It's difficult to tell what is being asked here. This question is ambiguous, vague, incomplete, overly broad, or rhetorical and cannot be reasonably answered in its current form. For help clarifying this question so that it can be reopened, visit the help center.If this question can be reworded to fit the rules in the help center, please edit the question.

Have you read the meanings of virtual in a dictionary? Is there anything about this definition that you find unclear? – Matt E. Эллен Jul 25 '12 at 8:05
Essentially "virtual" means "not-real, but giving the impression of being real". – Urbycoz Jul 25 '12 at 8:06
@MattЭллен in my English-Chinese dictionary it uses both real and void to describe virtual.
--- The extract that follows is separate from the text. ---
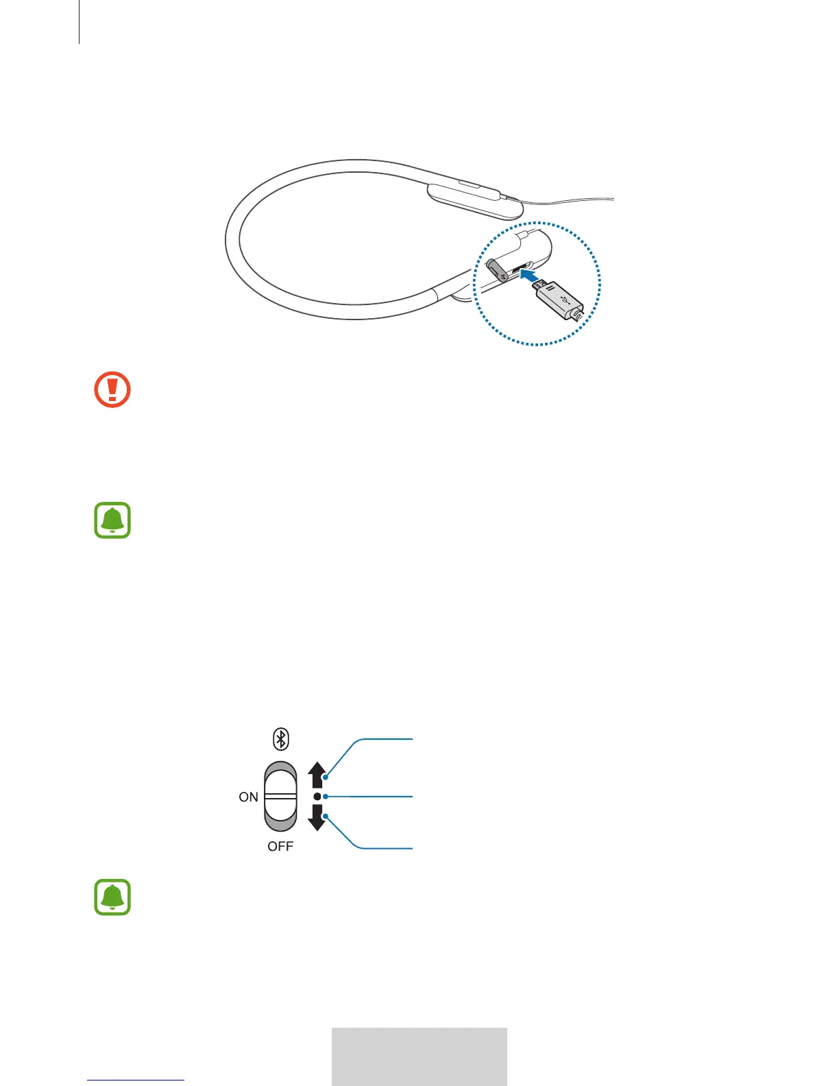 Deschideți capacul portului de încărcare. Conectați căștile la adaptorul USB folosind

Anyway thanks for the link, I will go through it. – Deqing Jul 25 '12 at 8:17
"in my English-Chinese dictionary it uses both real and void to describe virtual." That's key information, and it serves two purposes: (1) it lets others know that you've done some preliminary research, and (2) it helps others understand where your source of confusion is. It would be good advice to carefully include such clarifications into future questions if you continue to ask questions here at EL&U. Context (where you found these sentences) helps, too. In general, questions which include such details are better received than those where the background information is scant. – J.R. Jul 25 '12 at 9:04
Note "Virtually" gives the sentences almost opposite meaning. "Our deputy is virtually the head of the business" means he's not the designated head, but he does all the real work and is the head for all practical purposes except in the name. – SF. Jul 25 '12 at 9:42

In both sentences, virtual means the same thing -- something that has the appearance and behavior of the real thing, but is not actually the real thing.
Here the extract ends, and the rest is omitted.